Unified tabular + vector storage in a single Iceberg-compatible file

Project description

ailake — AI-Lake Format Python SDK

Unified storage for tabular data, embeddings, and HNSW vector index in a single Parquet-compatible file. 100% Apache Iceberg Spec v2 compatible.

Install

pip install ailake

Requires Python ≥ 3.9. Dependencies: pyarrow >= 14.0, numpy >= 1.24.

Quickstart

Write + search — fluent API (recommended)

import ailake
import numpy as np

# Open or create a table
table = ailake.open_table(
    "./my_table",
    dim=1536,
    metric="cosine",          # cosine | euclidean | dot_product | normalized_cosine
    pre_normalize=True,       # normalize at write time; enables fast 1-dot(a,b) path
    hnsw_m=16,                # HNSW connections per node (default 16)
    hnsw_ef_construction=150,
)

texts = ["Document about AI", "Another document"]
embeddings = np.random.rand(2, 1536).astype(np.float32)

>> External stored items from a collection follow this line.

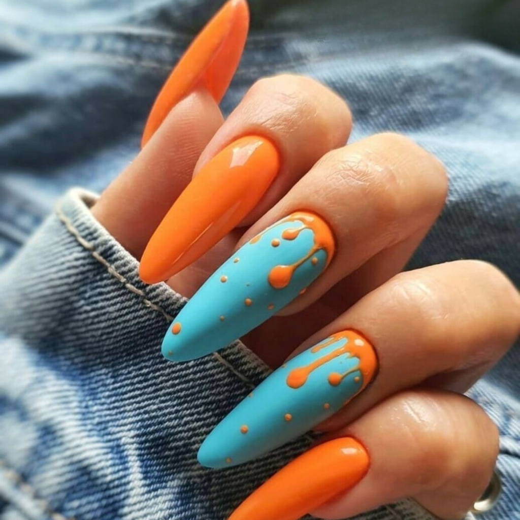 5. Oceanic Drips: Cool Blue Meets Fiery Orange
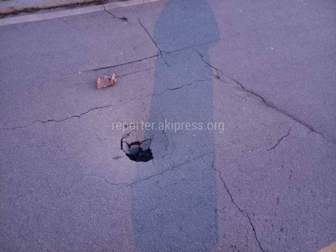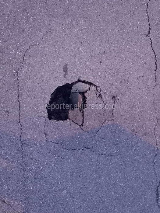 На данную новость получен ответ В МП «Бишкекасфальтсервис» ответили, что яму на Масалиева—Токтоналиева заделают при потеплении
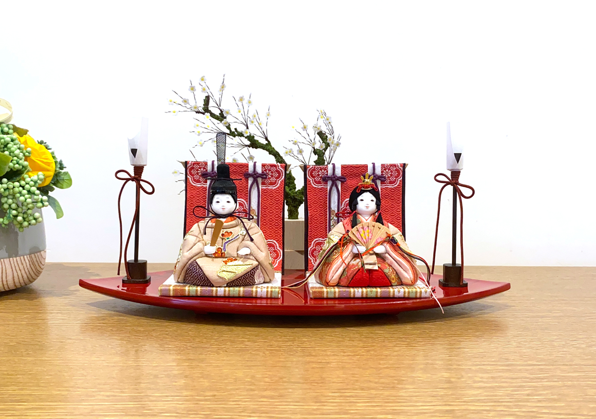 田村芙紗彦作。ベージュと金が優雅に調和し、上品な雰囲気を演出します。衣裳に施された洋花の刺繍は繊細で美しく、一層の華やかさを与えます。また、メタリックレッドの収納台がアクセントとなり、存在感のあるデザインとなっています。

table.insert(texts, embeddings)   # accepts list or numpy array
snapshot_id = table.commit()

# Pointer-only search (default — backward-compatible)
df      = table.search(embeddings[0], top_k=10).to_pandas()   # row_id, distance, file
lf      = table.search(embeddings[0]).limit(5).to_polars()
results = table.search(embeddings[0]).to_list()   # list[dict]

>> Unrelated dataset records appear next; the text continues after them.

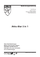 EN Akku-Star 2 in 1 Contents General notes. . . . . . . . . . . . . . . . . . . . 17 Safety instructions . . . . . . . . . . . . . . . . 19 Startup . . . . . . . . . . . . . . . . . . . . . . . . . . 22 Appliance description. . . . . . . . . . . . . . 23 Preparations. . . . . . . . . . . . . . . . . . . . . 24 Operation and use. . . . . . . . . . . . . . . . . 24 Cleaning and care. . . . . . . . . . . . . . . . . 25 Storage. .
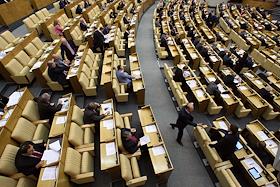 Депутат говорит по мобильному телефону на заседании Государственной думы России.
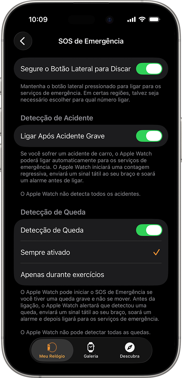 - Ative ou desative a opção Detecção de Queda. Se a Detecção de Queda estiver ativada, você poderá selecionar Sempre ativado ou Apenas durante exercícios.

# Full row data — all Parquet columns + _distance
df_full = table.search(embeddings[0], top_k=10, fetch_data=True).to_pandas()

Async API

import ailake, asyncio
import numpy as np

async def main():
    table = ailake.open_table("./my_table", dim=1536)
    await table.insert_async(texts, embeddings)
    await table.commit_async()

    # fluent async chain
    df = await table.search(query_vec).limit(10).to_pandas_async()

    # parallel searches via asyncio.gather
    r1, r2 = await asyncio.gather(
        table.search(q1).to_list_async(),
        table.search(q2).to_list_async(),
    )

asyncio.run(main())

Module-level search

import ailake
import numpy as np

query = np.random.rand(1536).astype(np.float32)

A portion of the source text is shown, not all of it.